### [DATA]
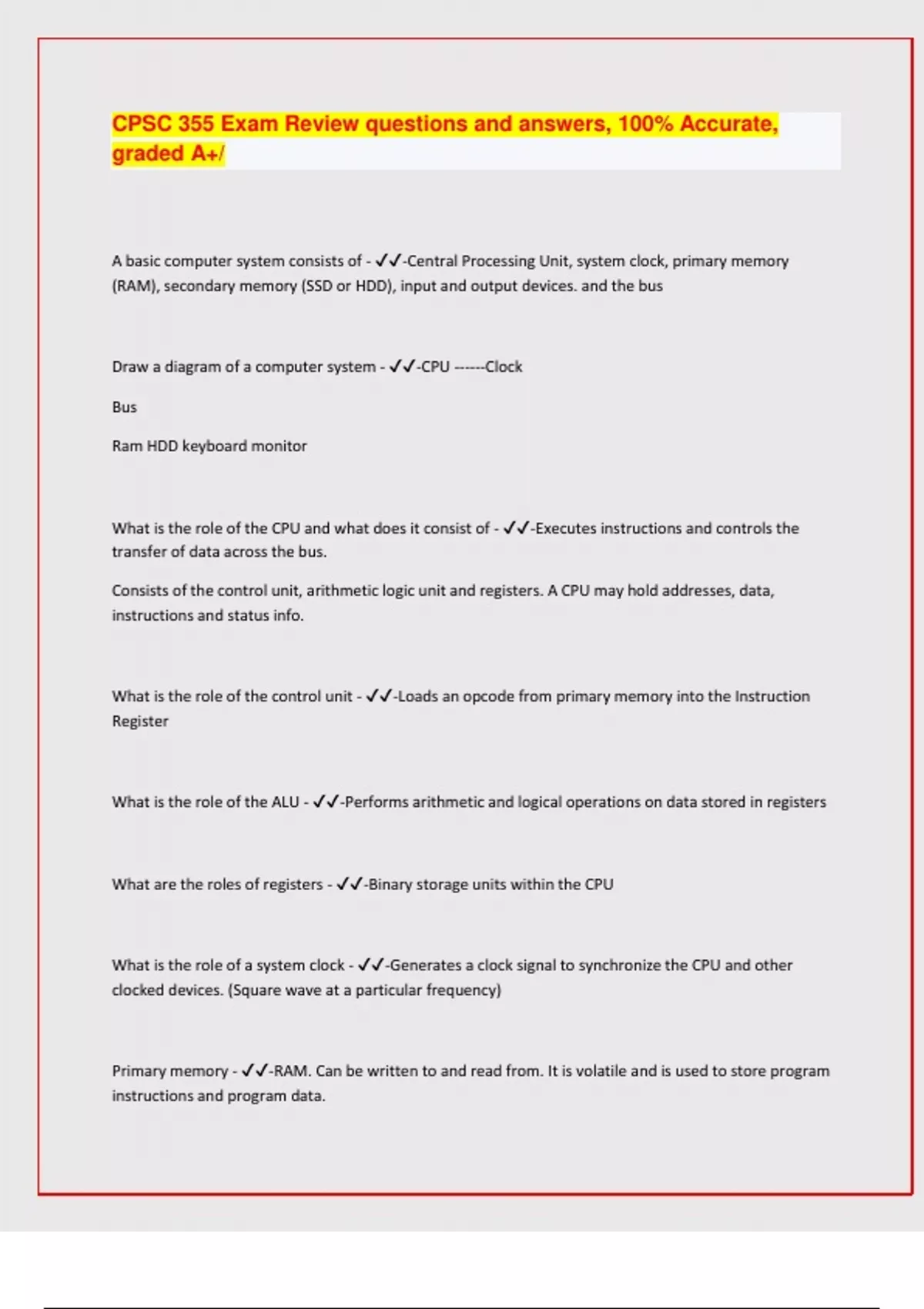 CPSC 355 Exam Review questions and answers, 100% Accurate, graded A+/ A basic computer system consists of - -Central Processing Unit, system clock, primary memory (RAM), secondary memory (SSD or HDD), input and output devices. and the bus Draw a diagram of a computer system - -CPU ------Clock Bus Ram HDD keyboard monitor What is the role of the CPU and what does it consist of - -Executes instructions and controls the transfer of data across the bus. Consists of the control unit, arithmetic logic unit and registers. A CPU may hold addresses, data, instructions and status info. What is the role of the control unit - -Loads an opcode from primary memory into the Instruction Register What is the role of the ALU - -Performs arithmetic and logical operations on data stored in registers What are the roles of registers - -Binary storage units within the CPU What is the role of a system clock - -Generates a clock signal to synchronize the CPU and other clocked devices. (Square wave at a particular frequency) Primary memory - -RAM. Can be written to and read from. It is volatile and is used to store program instructions and program data. What is the bus - -A set of parallel data/signal lines and is used to transfer info between computer components. How is the bus subdivided - -Address bus: specifies a memory location in RAM Data bus: used for bidirectional data transfer Control bus: used to control or monitor devices connected to the bus Secondary memory - -Used to hold a computer's file system. Is non-volatile. Stored on an HDD or SSD Basic CPU Architectures: Accumulator Machines - -Draw a diagram Basic CPU Architectures: load/store machines - -Draw a diagram RISC - -Uses simple instructions that can be executed in one machine cycle. Larger programs CISC - -May have instructions that take many cycles to execute What are pseudo-ops or assembler directives - -Give the assembler extra needed info What are assemblers - -Translate assembly source code into machine code. Macros - -Allow you to define a register with a name. When compiling invoke m4, to redirect output to a file ending in .s ARMv8-A architecture - -Is a RISC Is a load/store machine Uses a von Neumann architecture for
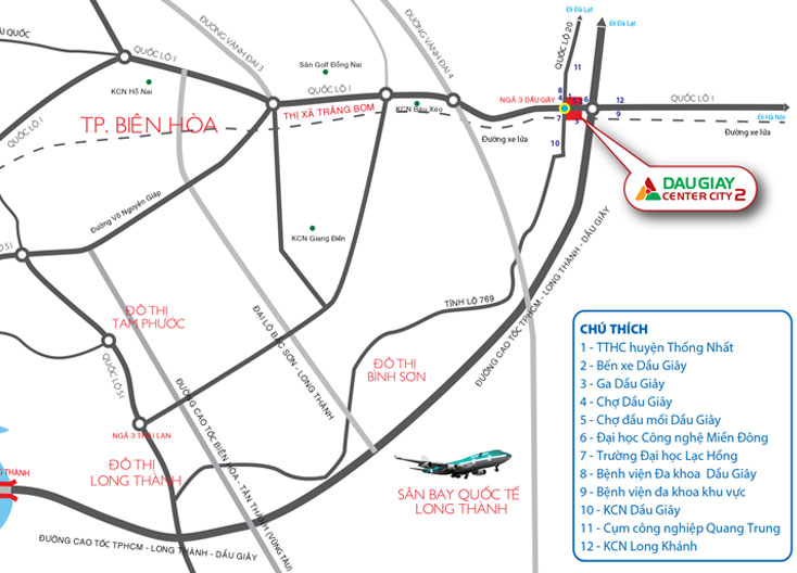 Vị trí: Tọa lạc ở mặt tiền giữa quốc lộ 1, ngay nút giao với quốc lộ 20 và đường cao tốc TPHCM – Long Thành – Dầu Giây
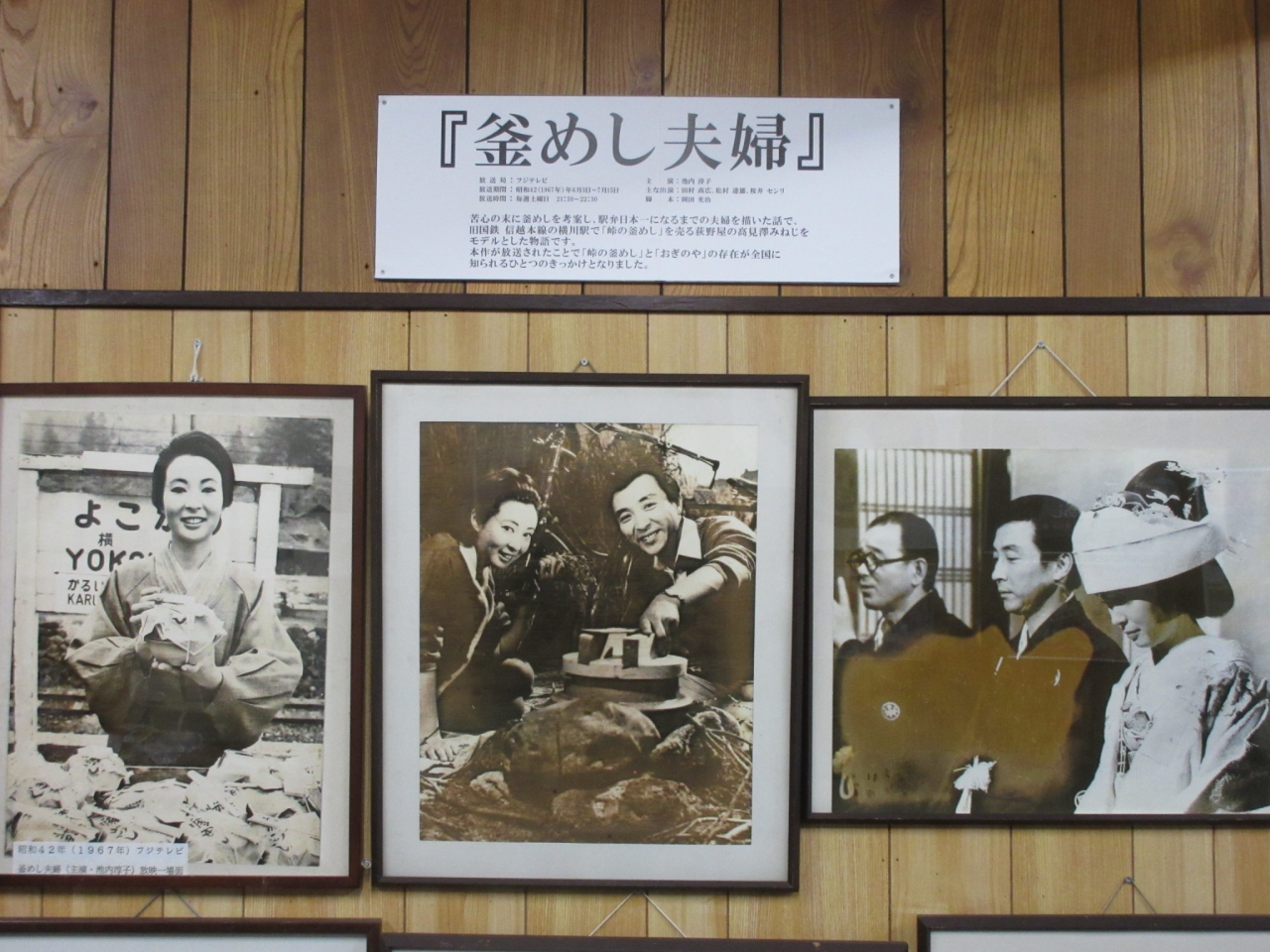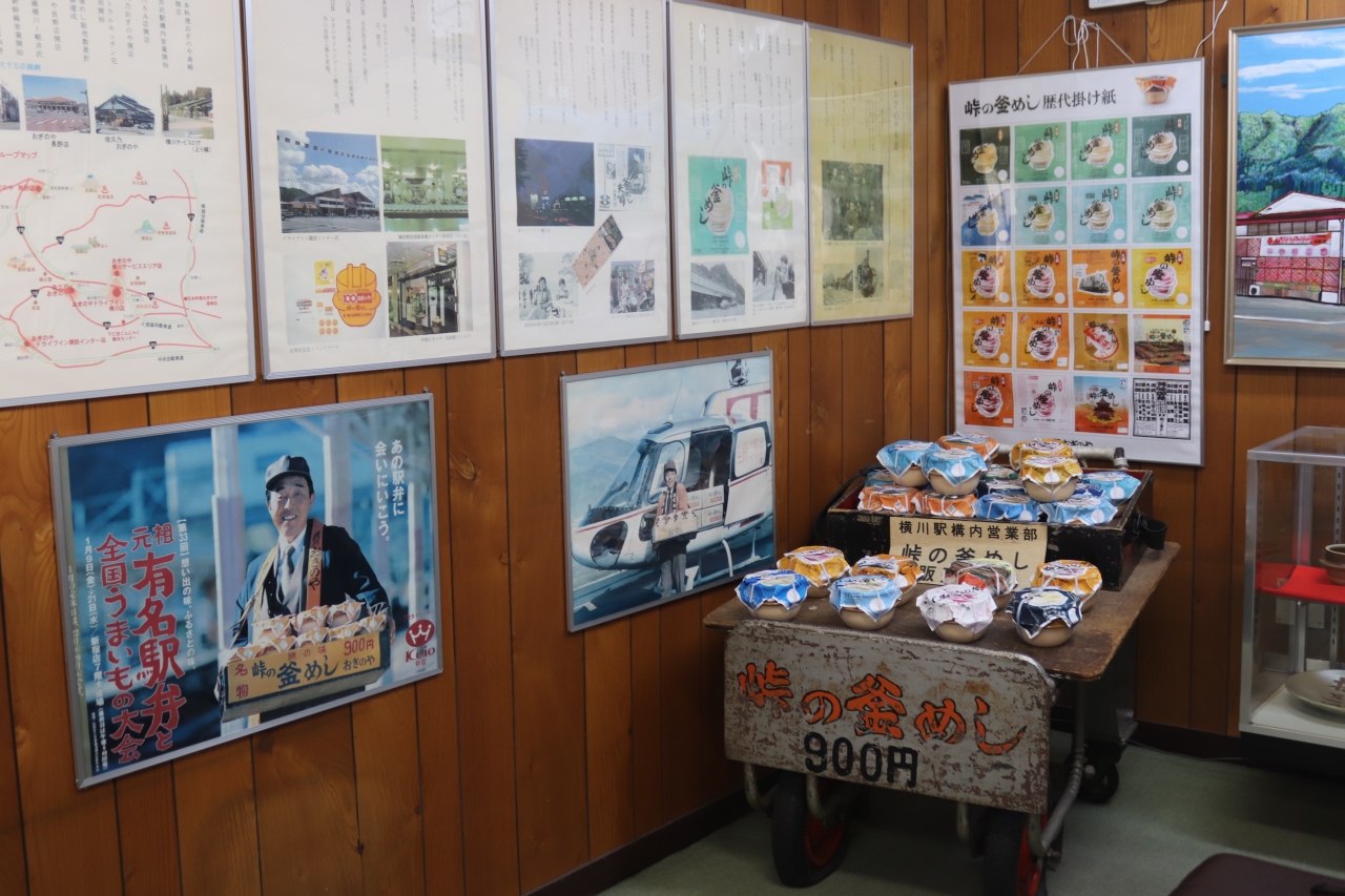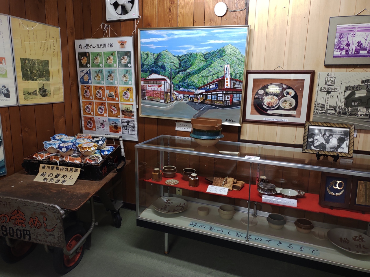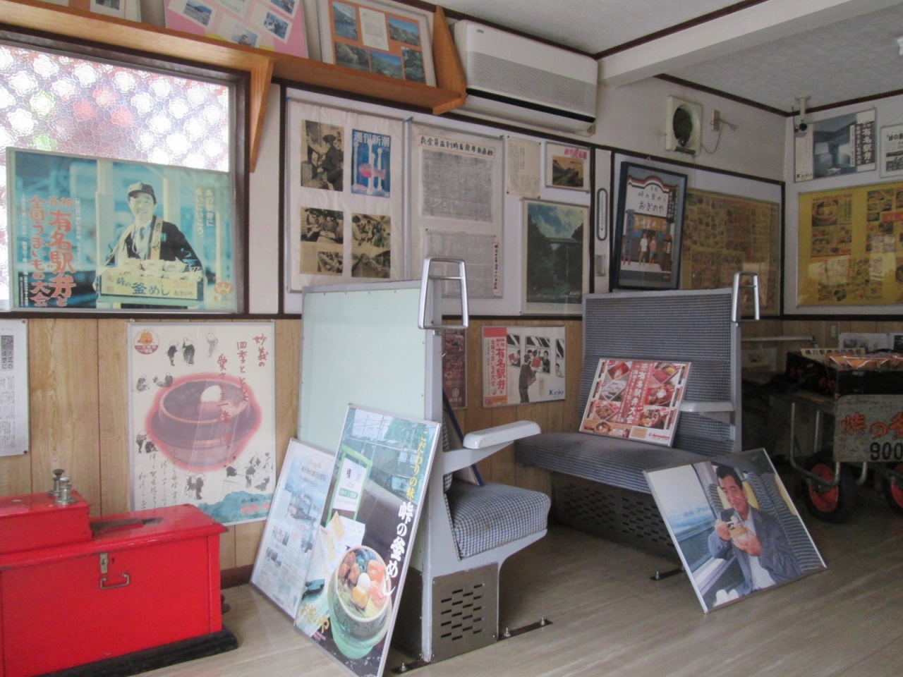 「横川」駅前、「おぎのや本店」の向かい側にある小さな資料館です。元々「横川」駅の駅弁だった「峠の釜めし」は全国区ですし、近... 続きを読むくの「碓氷峠鉄道文化むら」や、そこから乗車するトロッコ列車、また「めがね橋」などの観光地・観光施設は週末など込み合ったりしますが、この辺りを観光する人のほとんどはマイカー利用らしく、「横川駅」の利用客は多くはありません。そこで駅前で営業している「おぎのや本店」も閑古鳥が鳴いております。ましてや、その前にある小さな資料館ですから見学者はほとんどいません。さて「おぎのや」オーナーの持つ住居スペースの一部のような館内には誰もおらず、自由見学になっています。展示は「峠の釜めし」が駅のホームで売られていた頃をイメージするように客車の座席が一対、釜めしを売るときに利用していた番重など細々としたもの、京王百貨店の駅弁大会などのポスター類、店がモデルとなって放映されたテレビドラマの一場面の写真などですが、とにかくメンテナンスがなされておらず、廃墟寸前。また展示品の解説も少なく、ただ置いてあるだけって感じですし、照明に工夫もされていないので、せっかくの展示品も「じっくり見よう」という気にさせません。善意で始めたのかもしれませんが、却って「おぎのや」の評判を落としているような… 閉じる

### [TASK DIRECTIONS]
Exclude the pictures. Write out the remaining data exactly.

### [SOLUTION FOR THIS PROBLEM]
 CPSC 355 Exam Review questions and answers, 100% Accurate, graded A+/ A basic computer system consists of - -Central Processing Unit, system clock, primary memory (RAM), secondary memory (SSD or HDD), input and output devices. and the bus Draw a diagram of a computer system - -CPU ------Clock Bus Ram HDD keyboard monitor What is the role of the CPU and what does it consist of - -Executes instructions and controls the transfer of data across the bus. Consists of the control unit, arithmetic logic unit and registers. A CPU may hold addresses, data, instructions and status info. What is the role of the control unit - -Loads an opcode from primary memory into the Instruction Register What is the role of the ALU - -Performs arithmetic and logical operations on data stored in registers What are the roles of registers - -Binary storage units within the CPU What is the role of a system clock - -Generates a clock signal to synchronize the CPU and other clocked devices. (Square wave at a particular frequency) Primary memory - -RAM. Can be written to and read from. It is volatile and is used to store program instructions and program data. What is the bus - -A set of parallel data/signal lines and is used to transfer info between computer components. How is the bus subdivided - -Address bus: specifies a memory location in RAM Data bus: used for bidirectional data transfer Control bus: used to control or monitor devices connected to the bus Secondary memory - -Used to hold a computer's file system. Is non-volatile. Stored on an HDD or SSD Basic CPU Architectures: Accumulator Machines - -Draw a diagram Basic CPU Architectures: load/store machines - -Draw a diagram RISC - -Uses simple instructions that can be executed in one machine cycle. Larger programs CISC - -May have instructions that take many cycles to execute What are pseudo-ops or assembler directives - -Give the assembler extra needed info What are assemblers - -Translate assembly source code into machine code. Macros - -Allow you to define a register with a name. When compiling invoke m4, to redirect output to a file ending in .s ARMv8-A architecture - -Is a RISC Is a load/store machine Uses a von Neumann architecture for
 Vị trí: Tọa lạc ở mặt tiền giữa quốc lộ 1, ngay nút giao với quốc lộ 20 và đường cao tốc TPHCM – Long Thành – Dầu Giây
 「横川」駅前、「おぎのや本店」の向かい側にある小さな資料館です。元々「横川」駅の駅弁だった「峠の釜めし」は全国区ですし、近... 続きを読むくの「碓氷峠鉄道文化むら」や、そこから乗車するトロッコ列車、また「めがね橋」などの観光地・観光施設は週末など込み合ったりしますが、この辺りを観光する人のほとんどはマイカー利用らしく、「横川駅」の利用客は多くはありません。そこで駅前で営業している「おぎのや本店」も閑古鳥が鳴いております。ましてや、その前にある小さな資料館ですから見学者はほとんどいません。さて「おぎのや」オーナーの持つ住居スペースの一部のような館内には誰もおらず、自由見学になっています。展示は「峠の釜めし」が駅のホームで売られていた頃をイメージするように客車の座席が一対、釜めしを売るときに利用していた番重など細々としたもの、京王百貨店の駅弁大会などのポスター類、店がモデルとなって放映されたテレビドラマの一場面の写真などですが、とにかくメンテナンスがなされておらず、廃墟寸前。また展示品の解説も少なく、ただ置いてあるだけって感じですし、照明に工夫もされていないので、せっかくの展示品も「じっくり見よう」という気にさせません。善意で始めたのかもしれませんが、却って「おぎのや」の評判を落としているような… 閉じる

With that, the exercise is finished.